PROMPT ▸ The answer must restate the listing word for word, without its images.
'''
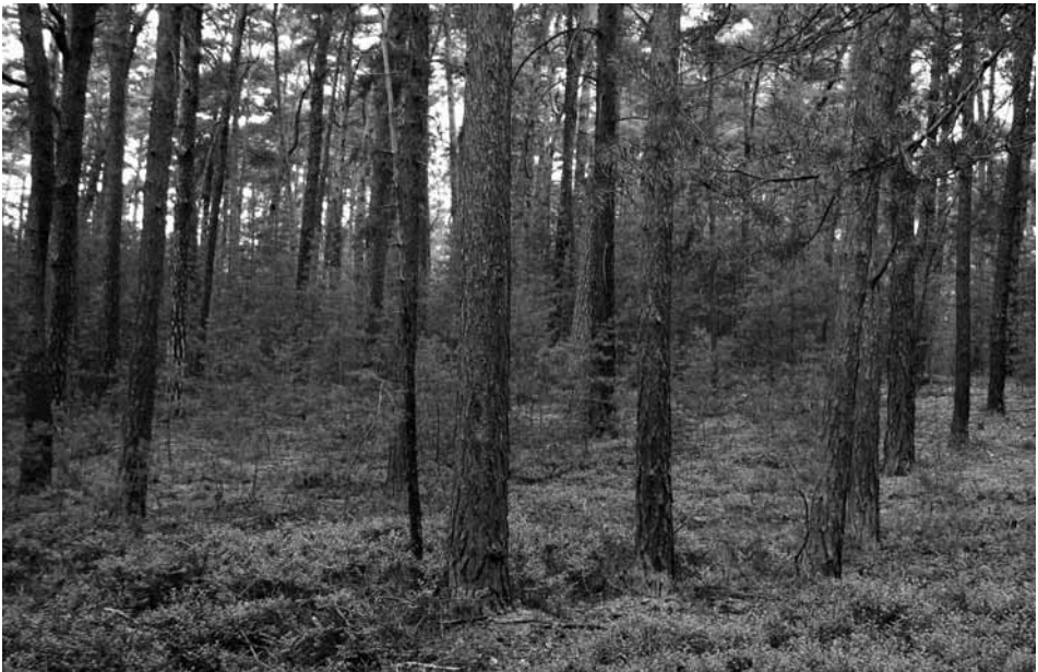
Abb. 4: Leucobryo-Pinetum mit Dominanz von Vaccinium myrtillus und V. vitis-idaea („Beerstrauch-Kiefernwald“) und Kiefern-Naturverjüngung. Sandsteingebiet des Polomé hory (Kummergebirge) am Machá-See, Nordböhmen.
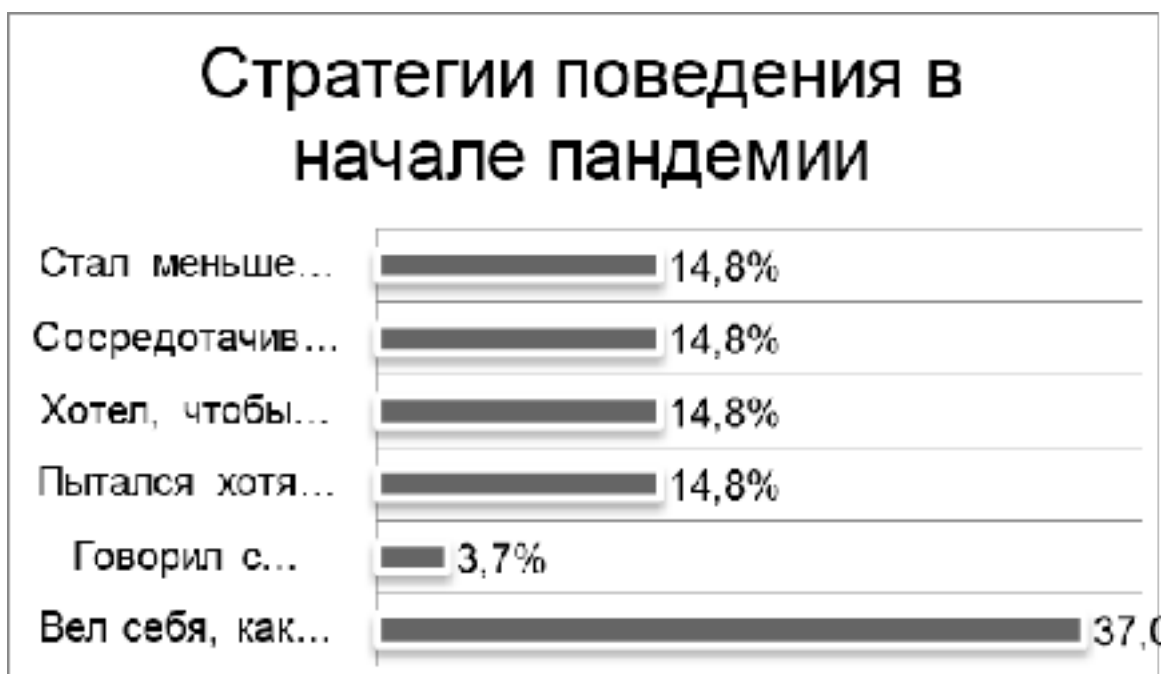
Рисунок 3 – Когда объявили о пандемии COVID-19 и назначили ограничения, что вы предприняли?

выбрали вариант «вел себя, как будто ничего не произошло» - 37%. Каждый из вариантов: «пытался хотя бы временно отстраниться от проблемы с помощью деятельности» и «хотел, чтобы все это скорее закончилось» имеют по 14,8 %, что может характеризоваться неким избеганием проблемы.
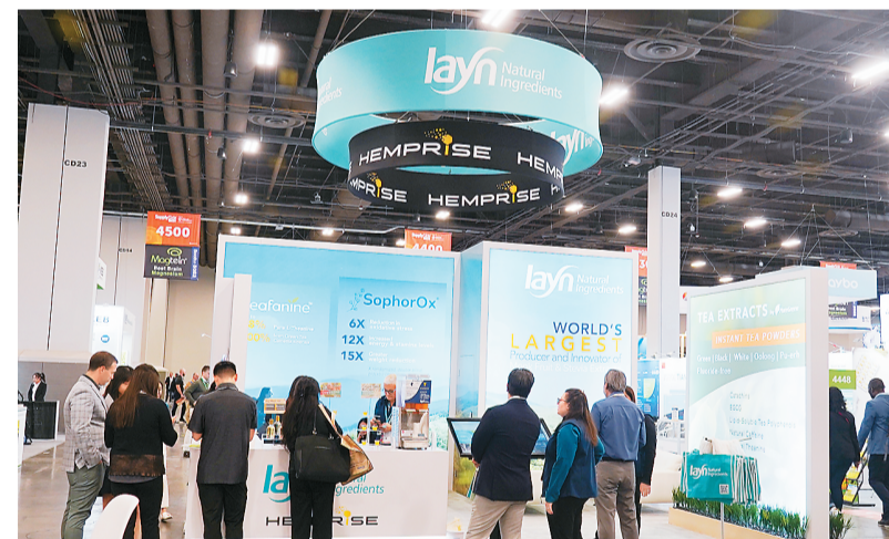
10月30日，2024年中国创新健康原料品展在美国拉斯维加斯开幕，近百家中国企业参展，展示了中国独具传统优势的健康产品原料、创新原料及研发、生产等领域的创新技术。图为参观者在中国企业展台洽谈交流。

态。在南海某海域，辽宁舰、山东舰编队首次开展双航母编队演练，锤炼提升航母编队体系作战能力。 这次任务横跨中秋、国庆等节日，编队官兵坚守岗位、连续奋战，把对家人的思念和对祖国的祝福，转化为一线练兵、能战胜战的昂扬斗志，在远海大洋为祖国和人民护航。
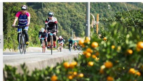
2/26 SLIDES
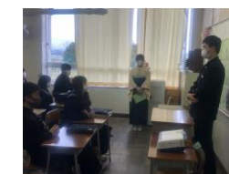
クラスみんなに語る思い

○この項に関して、ご意見、ご質問などがございましたら、28-9314(弓ヶ浜中学校)までお電話ください。
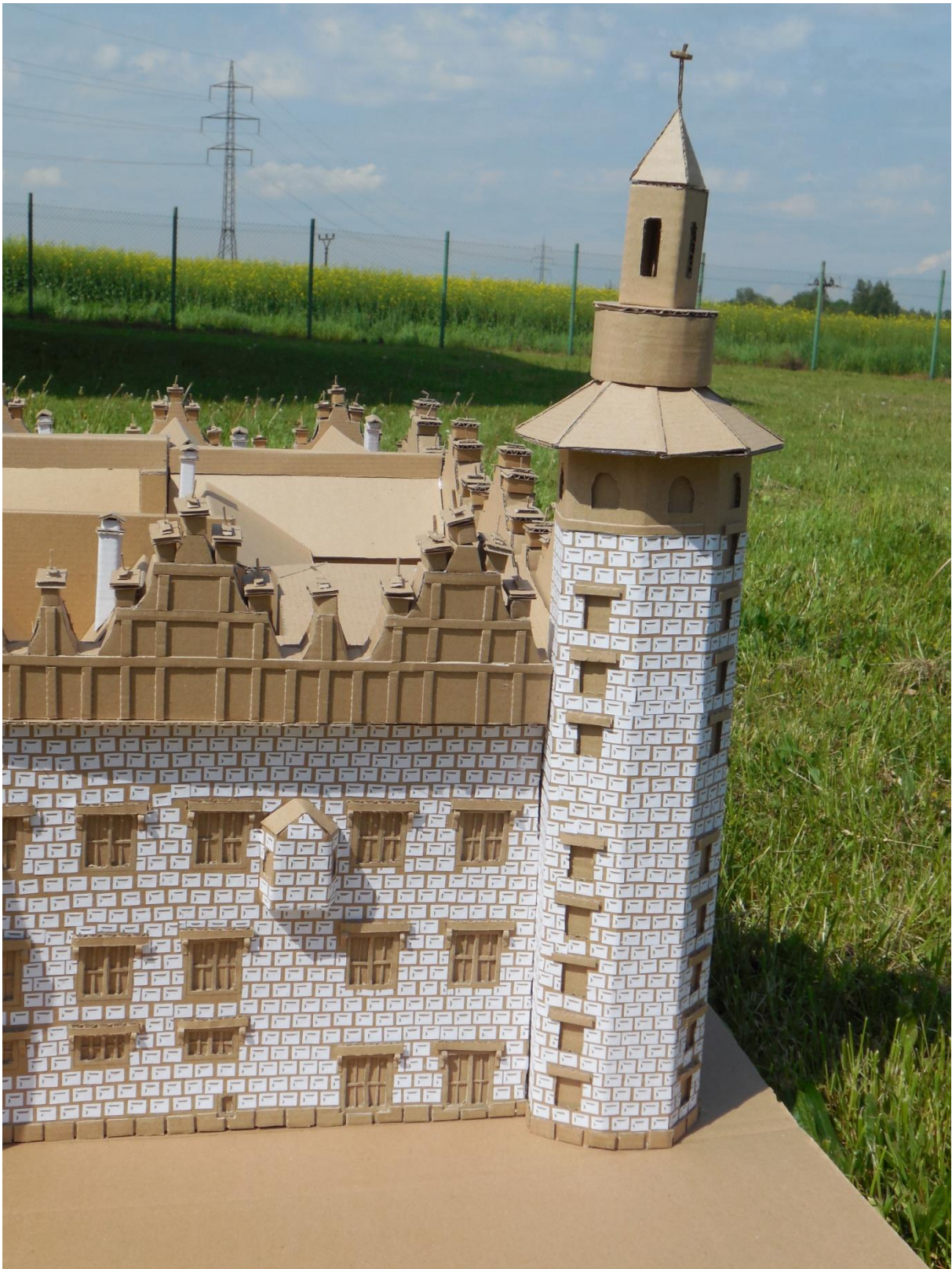
Obr. 2: Věž zámku zblízka
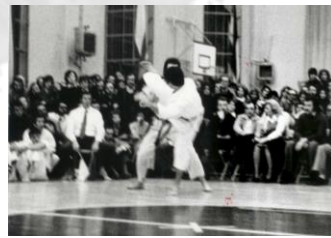
1975 - Coppa Shotokan - Milano
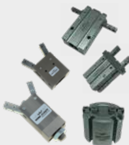
Garras Angulares e Paralelas
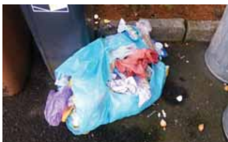
Odpad odložený neznámým původcem

Objemný odpad má občan možnost odevzdat během roku v obecním dvoře, rovněž tak pneumatiky a vysloužilé velké elektroprístroje.
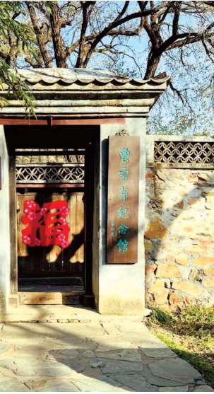
国家植物园北园内的曹雪芹纪念馆入口

女儿如期降生了，我们立即将她唤作“书裙”。谁知去派出所报户口的时候，几乎前功尽弃。户籍窗口那位警察阿姨，皱起眉头看了我递给她的小纸条，叹了口气说，这个名字不好，以后女孩要是动不动就在漂亮裙子上涂涂画画，多惹事啊。这样吧，我替你把“裙”字，改成女孩常用的“琴”吧。
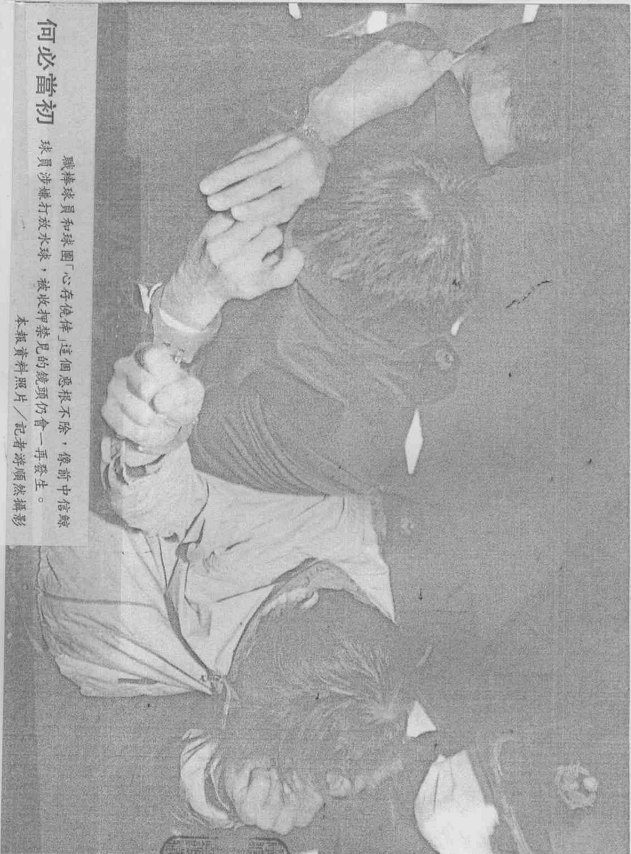
職棒球員和球團「心存僥倖」這個惡根不除，像前中信鯨球員涉嫌放水球，被收押禁見的鏡頭仍會一再發生。
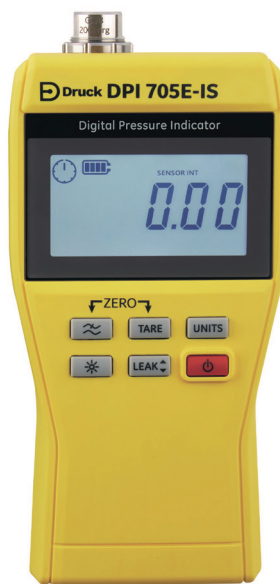
危险区压力指示仪
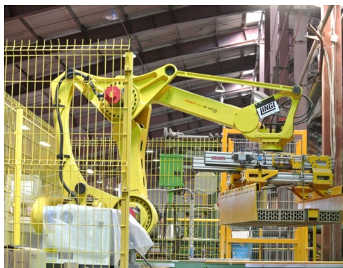
Разгрузочный робот Removing robot
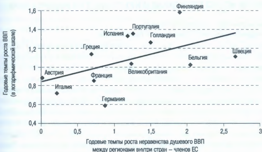
Рисунок 3. Экономический рост и региональное неравенство в странах ЕС (1995–2000 гг.)

Другое свидетельство в пользу положительной взаимосвязи между концентрацией производства (пространственным неравенством) и экономической эффективностью приводится в работах А. Ciccone и R. Hall [Ciccone, Hall, 1996] для США и А. Ciccone [Ciccone, 2002] для Европы. Основной вывод обеих работ состоит в том, что концентрация рабочей силы положительно влияет на производительность. Последние эконометрические исследования М. Crozet и Р. Koenig [Crozet, Koenig, 2005] дают более точную картину для Европы. Подтверждается положительная взаимосвязь между темпами роста ВВП на душу населения и ростом неравенства в регионе. Данный эффект экономически значим: рост на 10% стандартного отклоне-
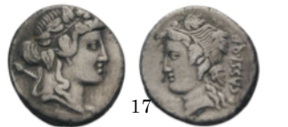
Denario 75 a.C., Crawford 386/1
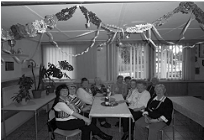
Die fünfte Jahreszeit ist nun vorbei. Die Senioren erfreuten sich in gemütlicher Runde bei Kaffee und leckeren Pfannkuchen.

Es war eine schöne Zeit in der Begegnungsstätte Starkenberg, ich möchte mich recht herzlich bei meinen treuen Besuchern bedanken und wünsche Ihnen „Frohe Ostern“.
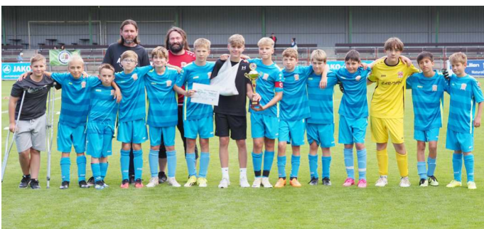
LHOTA POD LIBČANY - VÍTĚZ SPORT FOTBAL OP MLADŠÍ ŽÁCI
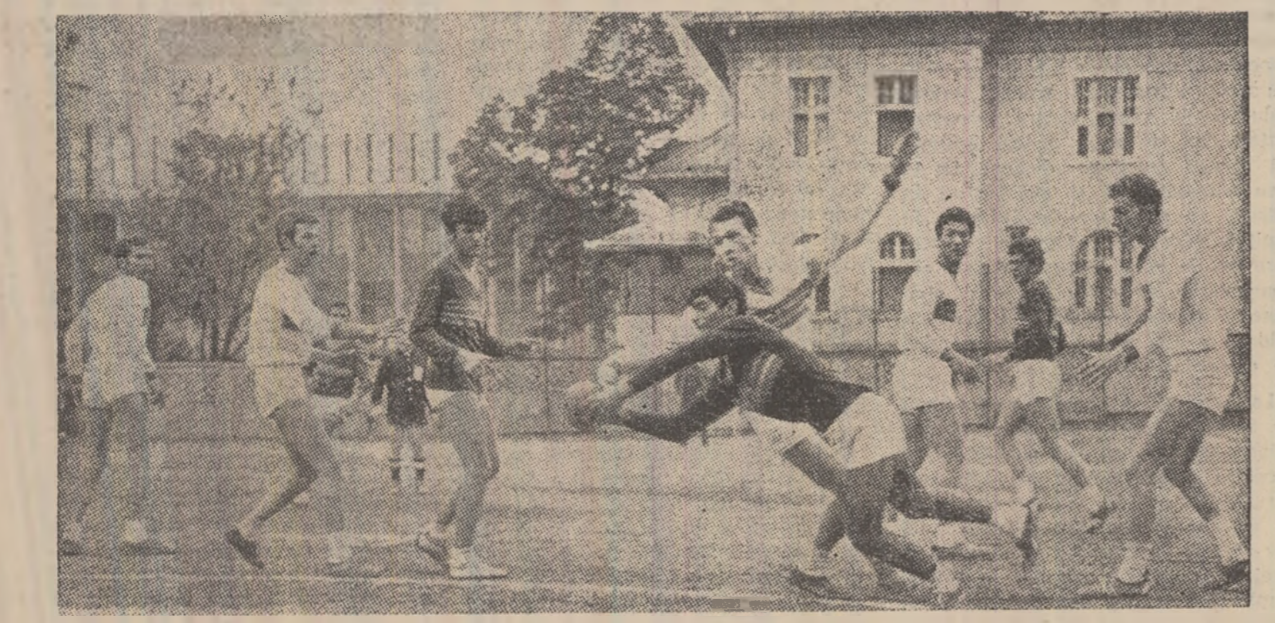
Roman nu va reuși nici de această dată să concetizeze.

troputere. Autorii punctelor victoriei merită să fie notați aici, deoarece toate încercările au fost realizate în urma unor acțiuni spectaculoase și de mare finețe, mult apreciate de spectatori. Aceștia au fost: Procup (9), Ștef (3), Roth (3), Mihăila (6), Tripun (3), Rosu (3), Balazs (12) și Szöke (2). A fost un meci frumos, în care gazdele și-au dominat net adversarii înscind din acțiuni construite cu măiestrie. I. C.
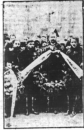
Delegacja włościanka z wieńcem nad grobem autora „Chłopotu”.
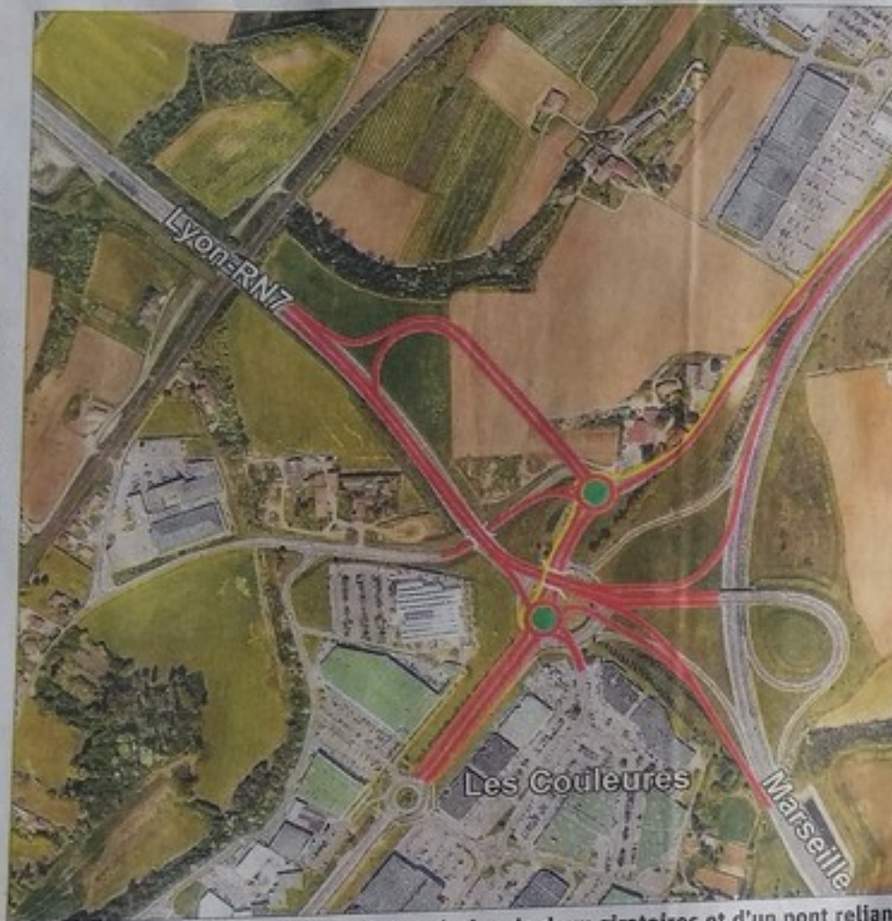
Le projet porté par la Dreal prévoit la création de deux giratoires et d'un pont reliant Bourg-lès-Valence (à gauche) à la Lacroix (à droite) pour réduire les embouteillages au Nord de Valence. Infographie Dreal

En lieu et place du grand carrefour des Couleures, aujourd'hui dangereux et embouteillé aux heures de pointe, le projet porté par la Dreal prévoit la création d'un pont reliant la nationale 7, depuis Bourg-lès-Valence, à la Lacroix, vers Grenoble et Marseille. L'ouvrage surplombera une route et deux ronds-points aux flux plus locaux. Pour joindre Valence à Saint-Mar-
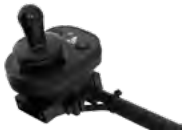
2231 / 2232
'''
SOLUTION ▸
Abb. 4: Leucobryo-Pinetum mit Dominanz von Vaccinium myrtillus und V. vitis-idaea („Beerstrauch-Kiefernwald“) und Kiefern-Naturverjüngung. Sandsteingebiet des Polomé hory (Kummergebirge) am Machá-See, Nordböhmen.
Рисунок 3 – Когда объявили о пандемии COVID-19 и назначили ограничения, что вы предприняли?

выбрали вариант «вел себя, как будто ничего не произошло» - 37%. Каждый из вариантов: «пытался хотя бы временно отстраниться от проблемы с помощью деятельности» и «хотел, чтобы все это скорее закончилось» имеют по 14,8 %, что может характеризоваться неким избеганием проблемы.
10月30日，2024年中国创新健康原料品展在美国拉斯维加斯开幕，近百家中国企业参展，展示了中国独具传统优势的健康产品原料、创新原料及研发、生产等领域的创新技术。图为参观者在中国企业展台洽谈交流。

态。在南海某海域，辽宁舰、山东舰编队首次开展双航母编队演练，锤炼提升航母编队体系作战能力。 这次任务横跨中秋、国庆等节日，编队官兵坚守岗位、连续奋战，把对家人的思念和对祖国的祝福，转化为一线练兵、能战胜战的昂扬斗志，在远海大洋为祖国和人民护航。
2/26 SLIDES
クラスみんなに語る思い

○この項に関して、ご意見、ご質問などがございましたら、28-9314(弓ヶ浜中学校)までお電話ください。
Obr. 2: Věž zámku zblízka
1975 - Coppa Shotokan - Milano
Garras Angulares e Paralelas
Odpad odložený neznámým původcem

Objemný odpad má občan možnost odevzdat během roku v obecním dvoře, rovněž tak pneumatiky a vysloužilé velké elektroprístroje.
国家植物园北园内的曹雪芹纪念馆入口

女儿如期降生了，我们立即将她唤作“书裙”。谁知去派出所报户口的时候，几乎前功尽弃。户籍窗口那位警察阿姨，皱起眉头看了我递给她的小纸条，叹了口气说，这个名字不好，以后女孩要是动不动就在漂亮裙子上涂涂画画，多惹事啊。这样吧，我替你把“裙”字，改成女孩常用的“琴”吧。
職棒球員和球團「心存僥倖」這個惡根不除，像前中信鯨球員涉嫌放水球，被收押禁見的鏡頭仍會一再發生。
危险区压力指示仪
Разгрузочный робот Removing robot
Рисунок 3. Экономический рост и региональное неравенство в странах ЕС (1995–2000 гг.)

Другое свидетельство в пользу положительной взаимосвязи между концентрацией производства (пространственным неравенством) и экономической эффективностью приводится в работах А. Ciccone и R. Hall [Ciccone, Hall, 1996] для США и А. Ciccone [Ciccone, 2002] для Европы. Основной вывод обеих работ состоит в том, что концентрация рабочей силы положительно влияет на производительность. Последние эконометрические исследования М. Crozet и Р. Koenig [Crozet, Koenig, 2005] дают более точную картину для Европы. Подтверждается положительная взаимосвязь между темпами роста ВВП на душу населения и ростом неравенства в регионе. Данный эффект экономически значим: рост на 10% стандартного отклоне-
Denario 75 a.C., Crawford 386/1
Die fünfte Jahreszeit ist nun vorbei. Die Senioren erfreuten sich in gemütlicher Runde bei Kaffee und leckeren Pfannkuchen.

Es war eine schöne Zeit in der Begegnungsstätte Starkenberg, ich möchte mich recht herzlich bei meinen treuen Besuchern bedanken und wünsche Ihnen „Frohe Ostern“.
LHOTA POD LIBČANY - VÍTĚZ SPORT FOTBAL OP MLADŠÍ ŽÁCI
Roman nu va reuși nici de această dată să concetizeze.

troputere. Autorii punctelor victoriei merită să fie notați aici, deoarece toate încercările au fost realizate în urma unor acțiuni spectaculoase și de mare finețe, mult apreciate de spectatori. Aceștia au fost: Procup (9), Ștef (3), Roth (3), Mihăila (6), Tripun (3), Rosu (3), Balazs (12) și Szöke (2). A fost un meci frumos, în care gazdele și-au dominat net adversarii înscind din acțiuni construite cu măiestrie. I. C.
Delegacja włościanka z wieńcem nad grobem autora „Chłopotu”.
Le projet porté par la Dreal prévoit la création de deux giratoires et d'un pont reliant Bourg-lès-Valence (à gauche) à la Lacroix (à droite) pour réduire les embouteillages au Nord de Valence. Infographie Dreal

En lieu et place du grand carrefour des Couleures, aujourd'hui dangereux et embouteillé aux heures de pointe, le projet porté par la Dreal prévoit la création d'un pont reliant la nationale 7, depuis Bourg-lès-Valence, à la Lacroix, vers Grenoble et Marseille. L'ouvrage surplombera une route et deux ronds-points aux flux plus locaux. Pour joindre Valence à Saint-Mar-
2231 / 2232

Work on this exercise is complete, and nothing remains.